The second technique for file system repair is to assume very little about the state of the file system to be analyzed, and using any hints that any undamaged file system structures might provide, rebuild the file system from scratch. This strategy involves scanning the entire drive and making note of all file system structures and possible file boundaries, then trying to match what was located to the specifications of a working file system.

Data Recovery Doctor can recover data even when the logical structures are almost completely destroyed. This technique generally does not repair the underlying file system, but allows the data to be extracted to another storage device successfully.

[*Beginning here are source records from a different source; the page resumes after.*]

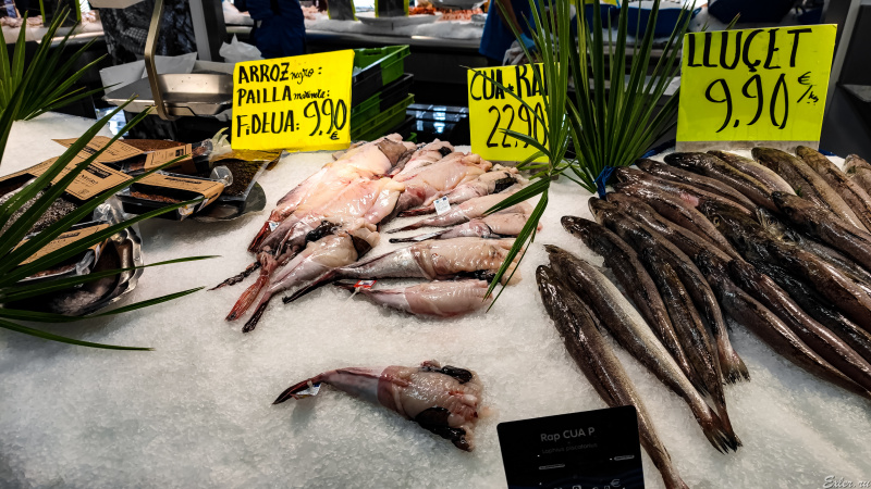 Слева - полуфабрикаты: черный рис для паэльи, паэлья, паэлья из лапши (fideua). В центре - главный местный деликатес Rape (морской черт). Llucet (merluza - разновидность хека).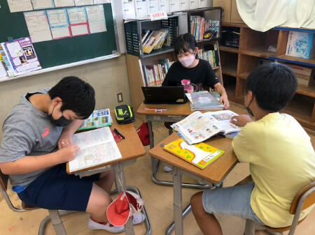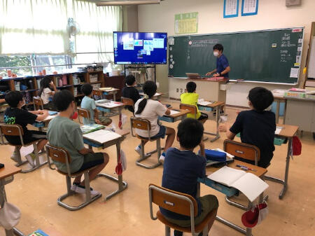 音楽の授業です。現在音楽室は旧パソコン室に設置されていますが、実は図書室と兼用です。図書室の本も引っ越しの際、全てを書架に入れられないので、多くは体育館に保管されています。手狭な音楽室ですが、子ども達は頑張って学習しています。授業ではリコーダーの練習をしていました。周りときちんと音を合わせ、上手に演奏していました。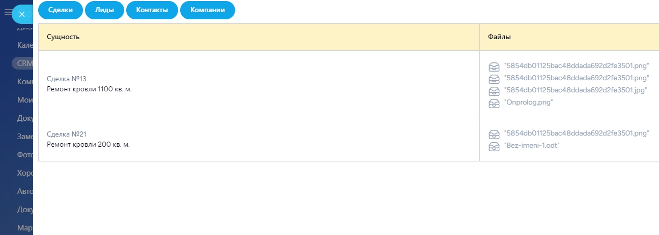 Если у вас есть пользовательские поля типа "файл" в объектах CRM (cделки, лиды, контакты, компании) и вам хочется их увидеть сразу, не проваливаясь в сущность CRM, то тогда наше приложение именно для вас. Вы можете быстро посмотреть по всем объектам новые файлы или скачать нужный документ.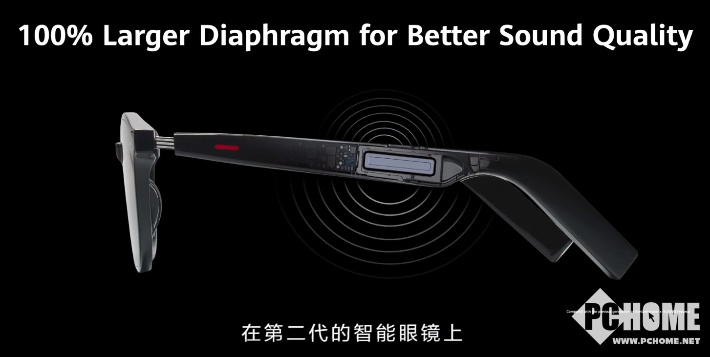 HUAWEI X GENTLE MONSTER Eyewear II智能眼镜采用128mm大振幅扬声器,让佩戴者可获得仿佛身临其境的音效体验,配合两条镜腿搭载的半开放式扬声器,带来更佳的立体声体验,更懂你对音乐的追求,陪你尽享美妙音乐时光。根据华为实验室数据,全新的逆声场声学系统,可降低漏音情况最大减少12dB,配合音量自适应技术,在享受音乐的同时保护你的隐私,所有声音只“响”你知道。

The increased use of journaling file systems, such as NTFS 5.0, ext3, and XFS, is likely to reduce the incidence of logical damage. These file systems can always be “rolled back” to a consistent state, which means that the only data likely to be lost is what was in the drive’s cache at the time of the system failure. However, regular system maintenance should still include the use of a consistency checker. This can protect both against bugs in the file system software and latent incompatibilities in the design of the storage hardware.

Firmware Corruption

Some kinds of logical damage can be mistakenly attributed to physical damage. For instance, when a hard drive’s read/write head begins to click, most end-users will associate this with internal physical damage. This is not always the case, however. Quite often, either the firmware on the platters or the controller card will instead need to be re-programmed. The firmware is normally located in the system area on the circuitry inside the hard drive and/or on the chip on the print controller board (PCB). Once the corrupt firmware on either of these two devices is restored by using specialist tools, the drive will be back in shape and the data will become accessible for data recovery.